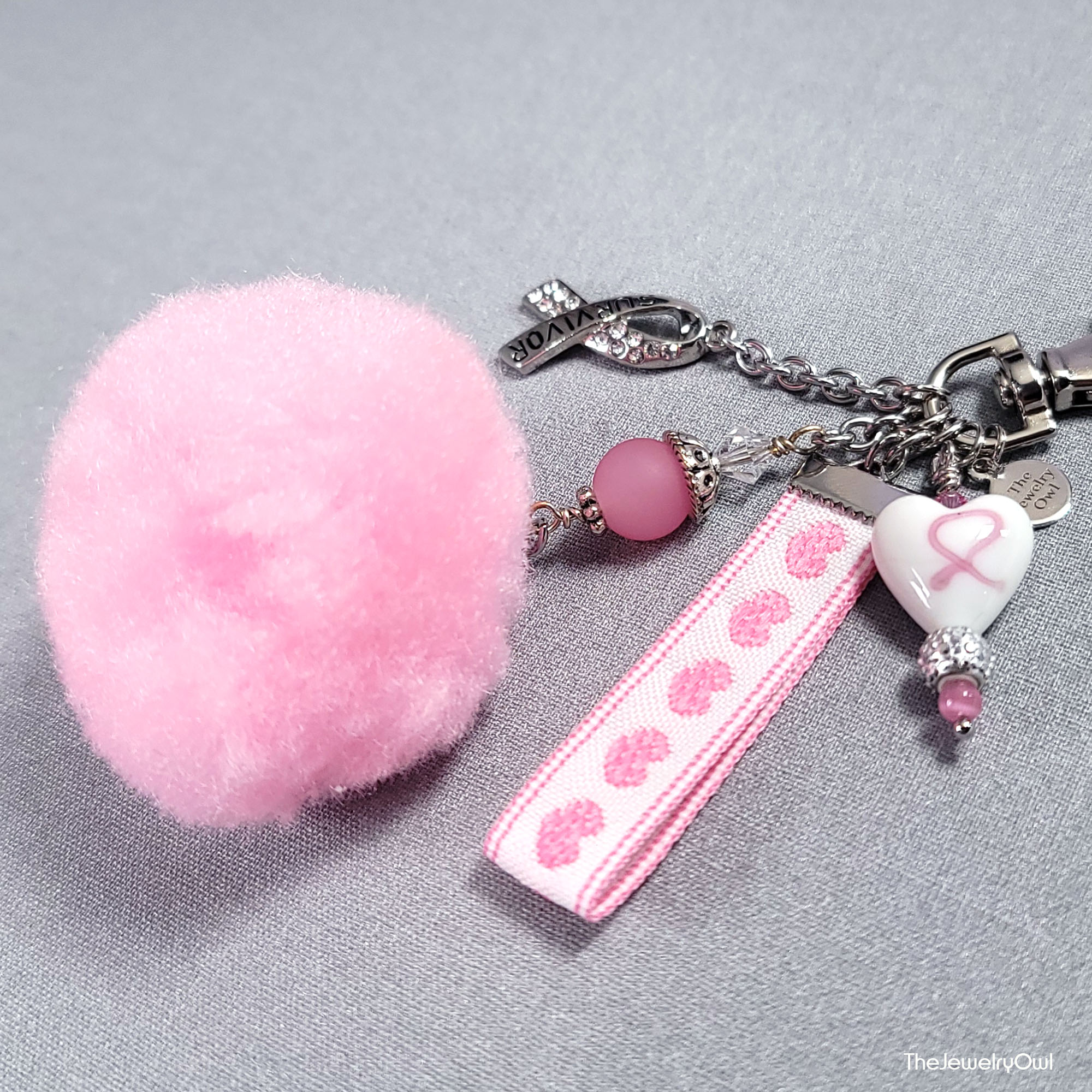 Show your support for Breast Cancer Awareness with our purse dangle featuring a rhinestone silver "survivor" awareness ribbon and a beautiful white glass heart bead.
--
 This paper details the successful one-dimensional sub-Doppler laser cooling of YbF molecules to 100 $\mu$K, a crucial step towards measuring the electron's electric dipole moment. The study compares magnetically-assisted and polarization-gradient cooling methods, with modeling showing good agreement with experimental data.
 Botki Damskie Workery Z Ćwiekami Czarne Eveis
--
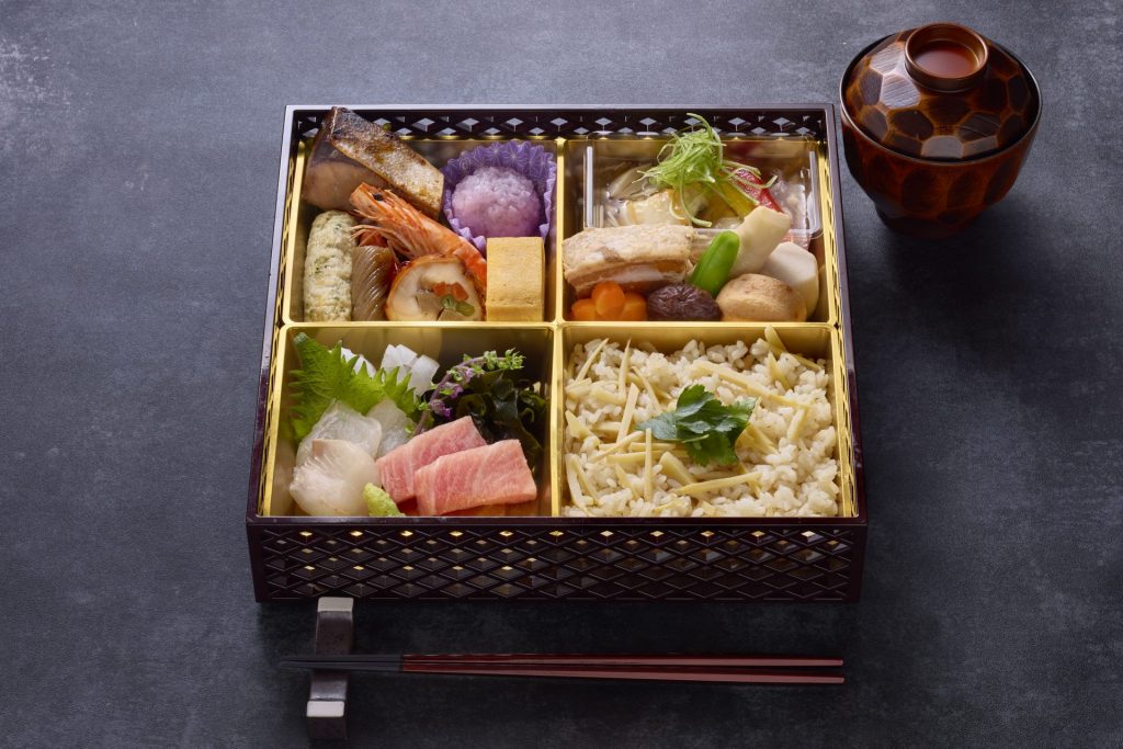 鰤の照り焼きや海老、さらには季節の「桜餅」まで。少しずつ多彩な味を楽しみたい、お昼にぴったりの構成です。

▸ PROBLEM STATEMENT
Your task is to retype the entries verbatim, starting with the line that holds "This paper details" and stopping after the line that holds "Botki Damskie Workery".

▸ ANSWER BOX
 This paper details the successful one-dimensional sub-Doppler laser cooling of YbF molecules to 100 $\mu$K, a crucial step towards measuring the electron's electric dipole moment. The study compares magnetically-assisted and polarization-gradient cooling methods, with modeling showing good agreement with experimental data.
 Botki Damskie Workery Z Ćwiekami Czarne Eveis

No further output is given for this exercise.